# BMW X5 35d 8 speed transmissions???



## Blown540 (Feb 8, 2019)

This has been discussed in several places, but I cannot find through much searching BMW forums and even factory specs in several magazines and websites. Can someone tell me for sure, what year the BMW x5 35d changed from a 6 speed to an 8 speed transmission. 

A friend call with a 2012 and even he does not know if it is a 6 speed or 8 speed transmission. Can someone help me identify for sure, before I buy and buy thinking I am getting an 8 speed transmission?

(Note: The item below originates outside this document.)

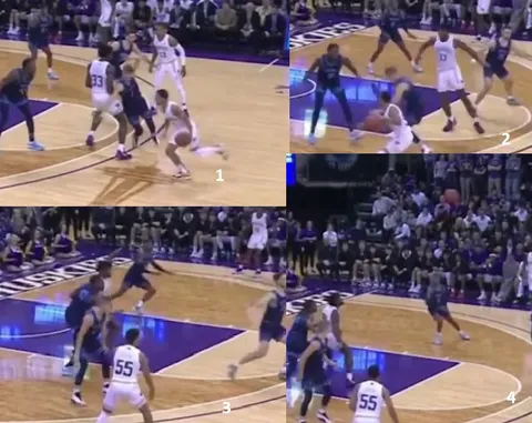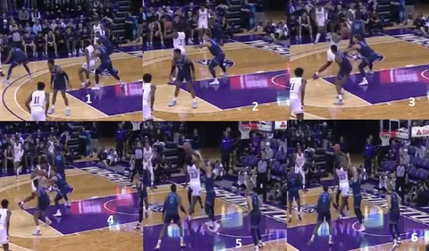 Aquí vemos unas imágenes cortando una situación que refleja este problema. En la imagen 1 gana bien la posición (no lo tomaremos como algo referencial debido a la ventaja física que tiene), en la 2, 3 y 4 se gira para atacar el aro (otra gran cualidad que tiene, como veremos), en la 5 y 6, por último, vemos cómo su toque final para subir el balón no es el óptimo.

THANKS IN ADVANCE FOR ANY HELP. I AM SUPPOSED TO LOOK AT THE 2012 MONDAY AND WOULD LIKE TO KNOW HOW TO TELL? thanks, JIM IN TN

AND YES, I HAVE COUNTED THE SHIFTS ON MY 6 SPEED AND I MIGHT COULD COUNT THE 8-SPEED TOO AND WILL TRY THAT IF ALL ELSE FAILS-THANSK, JIM


----------



## Doug Huffman (Apr 25, 2015)

YOU can search RealOEM.com by vehicle detailed description as well as by VIN-7 that many use.

Mine; GA6HP26Z. From 07/2011	part number 24 00 7 631 059


----------



## Blown540 (Feb 8, 2019)

THANK YOU and I really appreciate the help! AND I LOVE driving my X5s and even try to drive them more than my M3 Convertible. I really appreciate the forums and the help owners give to each other-Jim in TN


----------



## FredoinSF (Nov 29, 2009)

All e70 x5 diesels have the 6 speed. 
E70 gassers got the 8 speed mounted to the N55 and N63 engines, which coincided wit( the LCI. Pre LCI gassers had the N52 and N62 with the 6 speed. 
All F15 X5s have the 8 speed 


Sent from my iPad using Bimmerfest


----------



## Blown540 (Feb 8, 2019)

THANK YOU very much and really appreciate your help! Jim in TN


----------



## SPL15 (Feb 3, 2019)

I think I read somewhere on the webs that European models of the 3.0d got the 8 speed 8HPxx ZF transmission, but I'm too lazy to confirm, as it does not make a difference to me, thus is not worth my time to confirm.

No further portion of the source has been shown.